» Work instructions
Your task is to repeat the lines below exactly, excluding any pictures they contain.

» Dataset extract
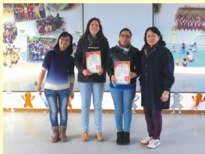
校長頒發感謝狀給兩位外籍教師
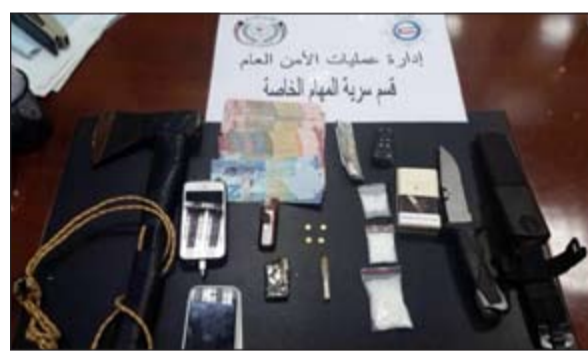
جانِب من مضبوطات سرية المهام

الى التنفيذ الجنائي بعد ان تم العثور بحوزته على مواد مخدرة، وقال مصدر أمسي انه خلال قيام رجال الأمن بنقطة أمنية روتينية لحفظ الأمن، تم الاستعلام عن مواطن كان يغير الرتبة، وتبين انه مطلوب بحسب جنائي 9 شهور تعاطي مخدرات، وكذلك مدين بمبلغ 8 آلاف دينار وعند تفتيشه احترازياً ضبط بحوزته على اصبع اشتباه سواد مخدرة (حشيش) وكذلك 3 اطرف كاملة اشتباه مادة شبو المخدرة، وكذلك على 4 حبات كيتي وتمت إحالته لمكافحة المخدرات.

» Task result
校長頒發感謝狀給兩位外籍教師
جانِب من مضبوطات سرية المهام

الى التنفيذ الجنائي بعد ان تم العثور بحوزته على مواد مخدرة، وقال مصدر أمسي انه خلال قيام رجال الأمن بنقطة أمنية روتينية لحفظ الأمن، تم الاستعلام عن مواطن كان يغير الرتبة، وتبين انه مطلوب بحسب جنائي 9 شهور تعاطي مخدرات، وكذلك مدين بمبلغ 8 آلاف دينار وعند تفتيشه احترازياً ضبط بحوزته على اصبع اشتباه سواد مخدرة (حشيش) وكذلك 3 اطرف كاملة اشتباه مادة شبو المخدرة، وكذلك على 4 حبات كيتي وتمت إحالته لمكافحة المخدرات.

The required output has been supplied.